Aqui a libido e o interesse do ego partilham do mesmo destino e são mais uma vez indistinguíveis entre si. O egoísmo familiar do enfermo abrange os dois (FREUD, 1914, n.p).
Há casos em que os pacientes não manifestam interesse algum em falar, muito menos em interagir com a família, amigos, companheiros de enfermidade ou com a equipe de profissionais da saúde que os auxilia. Freud aborda que há alteração da maneira pela qual os doentes têm seus sentimentos de amor com relação aos outros suprimidos pelas moléstias do corpo e substituídos por uma total indiferença.
É possível ainda referir a fala de outra paciente com a obra freudiana. A mesma diz sentir-se infeliz, sem vontade de viver e que não encontra mais sentido na vida. Relata não ter mais ânimo; nem forças para realizar atividades
leves. Para ela tudo poderia acabar, tem vontade de morrer. Pois não se sente útil para mais nada, prefere ficar sozinha. A paciente também relata que se sente “feia”. Para Freud (1914, n.p.), “a doença orgânica, manifesta-se em sensações corpóreas aflitivas e penosas, e o doente retira tanto o interesse quanto a libido dos objetos do mundo externo, concentrando ambos no órgão que lhe prende a atenção”. Ao que podemos interpretar como um superinvestimento por parte do paciente no órgão adoecido, como se o corpo não fosse uma unidade, mas um órgão.

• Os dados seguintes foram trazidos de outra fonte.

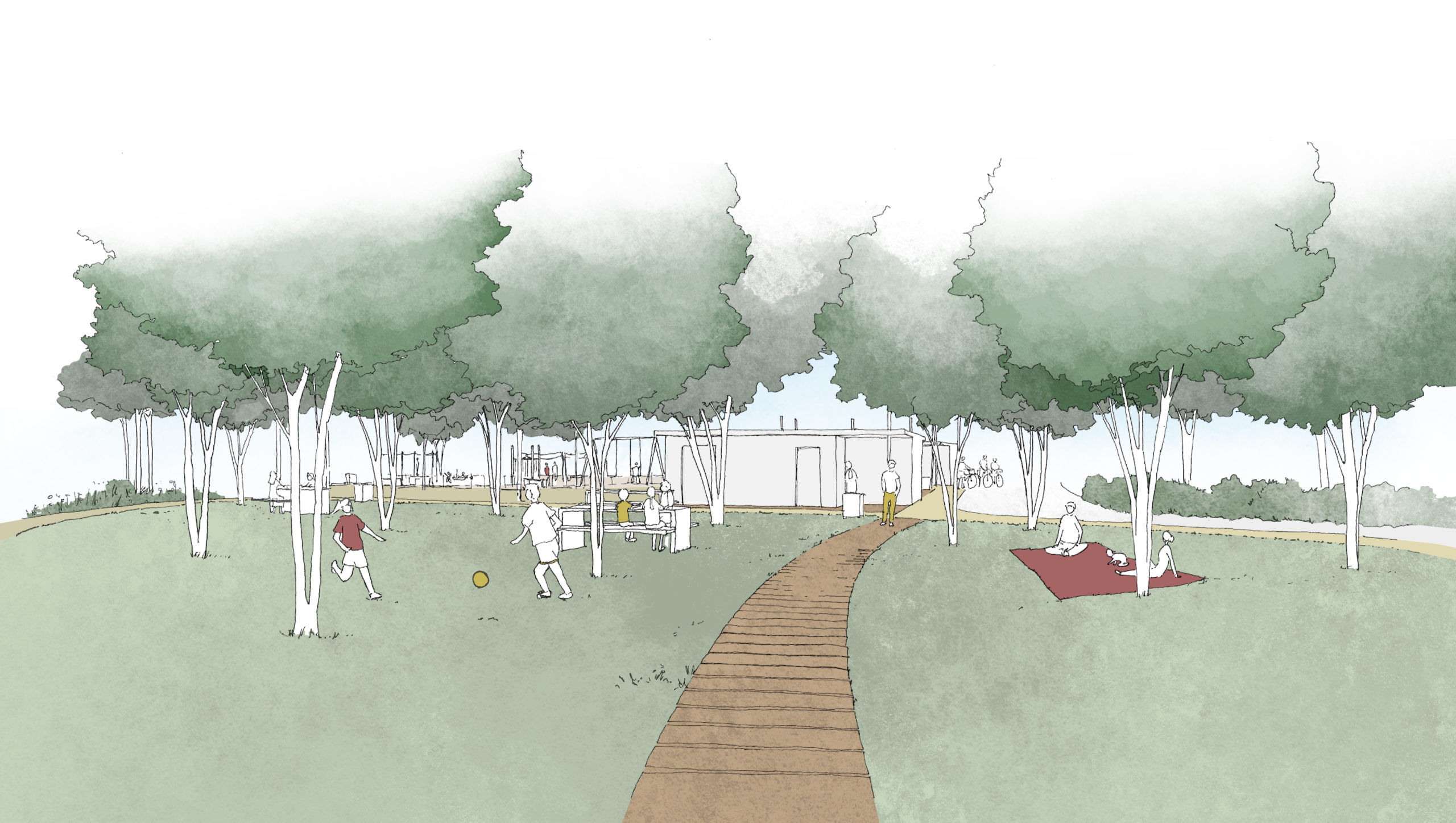Le projet propose une nouvelle place en cœur de bourg, l’entrée de bourg requalifiée, un square et un nouvel espace ludique, le jardin et parvis de la chapelle réaménagés, et un solarium entre village et champs. Chaque lieu se doit de porter l’identité commune, tout en apportant ses spécificités pour que l’expérience et la vie du village se trouvent enrichies de chacun. Matériaux, essences et savoir-faire locaux sont privilégiés. Sobriété et choix de détails significatifs sont notre ligne de conduite pour mettre en valeur le patrimoine existant, qu’il soit architectural, vernaculaire ou paysager.

Nas palavras de uma paciente:
Hoje quando tomei banho, antes de vir para cá (setor de oncologia), vi que estou toda marcada, minha barriga dói, esse lugar (mostra a queimadura circulando o orifício confeccionado para o uso do ostoma) não dá para tocar, até minha roupa machuca, deve ser bem soltinha. È horrível de olhar. Eu não era assim não me olho mais no espelho, ele está mentindo para mim. Quando isso vai acabar? (sic)
Para Levin apud Freud (2001, p.77) “a dor é um articulador, ou melhor, um operador entre o corpo (o corporal) e a alma (o píquico)”. Sendo esta condição fronteiriça que nos coloca de frente ao limite entre o corpo órgão e o corpo subjetivado.
É possível pensar a experiência diante da dor de acordo com proposições de Levin (2001), a criança nasce indefesa, e sua proteção contra a dor corporal passará pelo Outro, que irá representar a imagem corporal sobre a qual o bebê se sustentará. É no Outro materno que doerá primeiro a dor do bebê. Então, o Outro interpretará e decodificará a dor do bebê como se fosse sua. Ou seja, a “mãe sente a dor do bebê como própria, e com base na sua dor ela decodifica a dor da criança” (2001, p. 79).
Para o mesmo autor, a dor nasce do encontro da sensibilidade do bebê com o afeto materno, que referencia a dor da criança num contexto simbólico. O bebê não pode compreender a dor como dor em si, pois ainda não estruturou sua imagem e seu esquema corporal para referi-los a si mesmo. Ele ainda não é capaz de afirmar que sente dor, para isso ele terá que constituir uma imagem corporal com a qual possa se reconhecer e se diferenciar do Outro.